Autor: Antonio Salgado Pérez
Publicado en El Día el 3 de noviembre de 2010

 

          El padre Norberto García, párroco del Sagrado Corazón de Jesús, con el habitual magisterio que le viene caracterizando, supo hilvanar, desde su ambón, una elegía tan enjundiosa como emotiva que, entre otras frases, contenía éstas: “Ante la muerte de nuestra hermana en la fe Cecilia, en nuestro interior se alternan sentimientos encontrados: por un lado, lamentamos y lloramos su óbito; por otro, sentimos una inmensa paz y alegría; un gran consuelo y esperanza porque la sabemos, con la certeza de la fe, gozando de la dicha de Dios; la sentimos alejada para siempre de una enfermedad, lenta e irremediable que, dada su sensibilidad y su modo de ser, le hubiesen hecho sufrir en exceso; alabamos, en medio de todo, el buen trato y el cariño misterioso que Dios ha tenido con ella. En medio del dolor, pues, damos gracias a Dios y le bendecimos por su vida y, también por su muerte”.

          En efecto, ha nacido para la muerte Cecilia Armendáriz Gurrea. Sus familiares y allegados la conocíamos bajo este peculiar hipocorístico: Chía. Ahora, allá arriba, estará charlando amigablemente con su hermana María del Rosario, Maruchi, cuya santidad comprobamos muchas veces en Tegueste, donde pasó sus últimos momentos en una residencia religiosa llena de paz, tranquilidad y bucolismo, donde esparció aquella bondad que tantas veces hemos visto reflejada en las figuras de Murillo.
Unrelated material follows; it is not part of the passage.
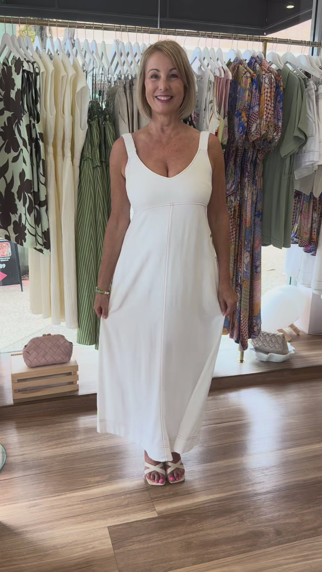 Our Jennie Maxi Dress will be a fab new addition to your wardrobe. This white sun dress is lightweight and comfortable to wear all day and night. Made from a linen blend fabric with contrast tan top-stitching, it features a fitted bodice, adjustable (bra friendly) shoulder straps and a full maxi length skirt. Elevate it with colourful accessories or keep it casual with our gold Taron Slides.

         Siempre se ha dicho que una amistad noble es una obra maestra a dúo, y Chía, por fortuna, la gozó durante gran parte de su vida junto a su hermana Selina, una especie de Ángel de la Guarda que nos demostró que la calidad nunca es un accidente, sino el resultado de un esfuerzo de la inteligencia.

          Chía, ilustre docente, siempre nos pregonó que un sistema escolar que no tuviese a los padres como cimientos era igual a una cubeta con una oquedad en el fondo. De elogiable locuacidad y pragmática tenacidad en la lectura, sabía que un buen libro es aquel que se abre con expectación y se cierra con proyecto; y nos repetía que la lectura de un buen texto es un diálogo incesante en el que el tomo habla y el alma contesta. Y es que en el fondo sabía que un hogar sin libros era un cuerpo sin espíritu.
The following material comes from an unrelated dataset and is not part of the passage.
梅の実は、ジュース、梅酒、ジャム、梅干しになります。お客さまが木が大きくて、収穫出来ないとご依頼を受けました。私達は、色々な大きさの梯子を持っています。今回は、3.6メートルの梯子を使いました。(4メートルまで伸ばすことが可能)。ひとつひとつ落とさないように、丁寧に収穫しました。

         Cuando Chía perdió su dicción, conservó su sonrisa; y cuando en ella se desdibujó su verbo, siguió mostrando su encomiable entusiasmo.
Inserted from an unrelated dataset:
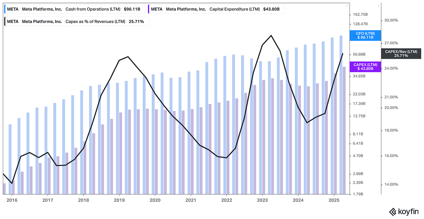 Two years ago, Zuck was 100% convinced the metaverse was the future. He changed the company’s name, poured billions into Reality Labs, and asked investors to trust his vision. That didn’t pan out – at least not yet. Now, he’s equally convinced AI is the future. Again, he’s not hedging. He’s going all-in. Tiho’s point is not that Zuck will fail. It’s that this binary, all-or-nothing approach doesn’t leave much room for error. And when the scale of the bets is $70 billion in capex annually, the consequences of misjudgment are magnified – especially if Meta represents your largest holding.

          En sus exequias, el padre Norberto, con evidente desazón y pesadumbre, y en emocionadas palabras, dijo entre otras cosas: “La imagen que yo tengo y mantengo de Cecilia es la de una mujer tocada por la gracia de la fe, que conservó, con esa entereza de la que todos algo sabemos, la fidelidad de quien cae y se levanta: olvida y cultiva; contradice y mantiene, pero siempre está; late en lo más profundo del ser, mujer de fe, sin más; a esta primera pincelada añadimos otra, la de una mujer muy culta”. Y el párroco del Sagrado Corazón de Jesús terminó expresando que “ojalá cojamos todos el “testigo” que personas como Cecilia nos deja. Seguro que el mundo sería una balsa de aceite y no una jungla de asfalto”.